• _Exercise brief_
Each line between the one holding "Autograph Authentic PECM113000" and the end of the material below, both included, is to be transcribed word for word, with pictures left out.

• _Provided data_
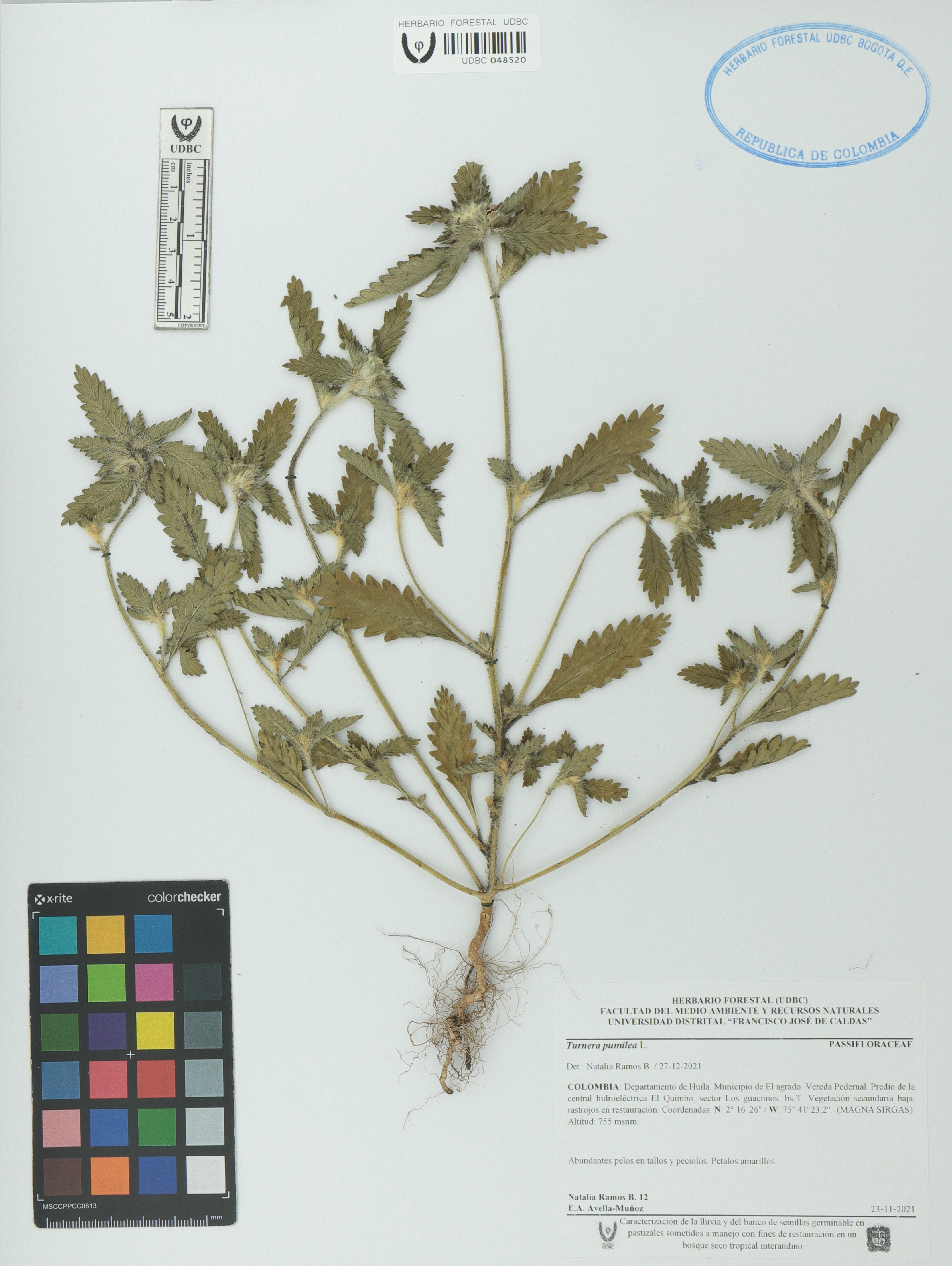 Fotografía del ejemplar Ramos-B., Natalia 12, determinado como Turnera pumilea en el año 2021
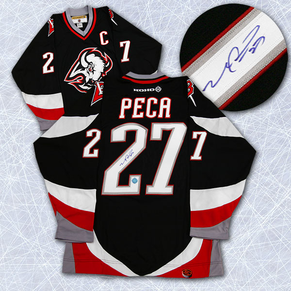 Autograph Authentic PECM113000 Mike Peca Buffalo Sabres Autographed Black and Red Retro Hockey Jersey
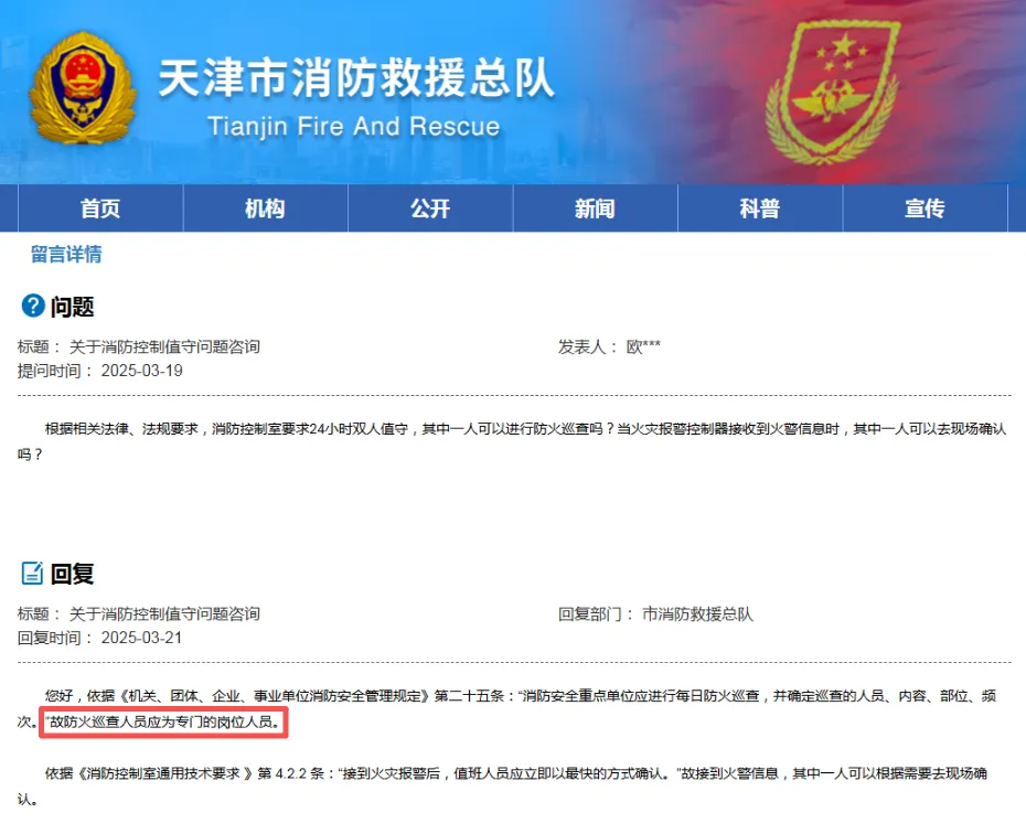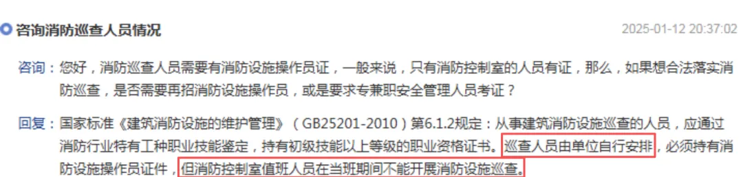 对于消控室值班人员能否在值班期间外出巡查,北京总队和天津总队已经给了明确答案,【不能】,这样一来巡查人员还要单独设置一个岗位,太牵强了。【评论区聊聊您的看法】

• _Solved problem_
 Autograph Authentic PECM113000 Mike Peca Buffalo Sabres Autographed Black and Red Retro Hockey Jersey
 对于消控室值班人员能否在值班期间外出巡查,北京总队和天津总队已经给了明确答案,【不能】,这样一来巡查人员还要单独设置一个岗位,太牵强了。【评论区聊聊您的看法】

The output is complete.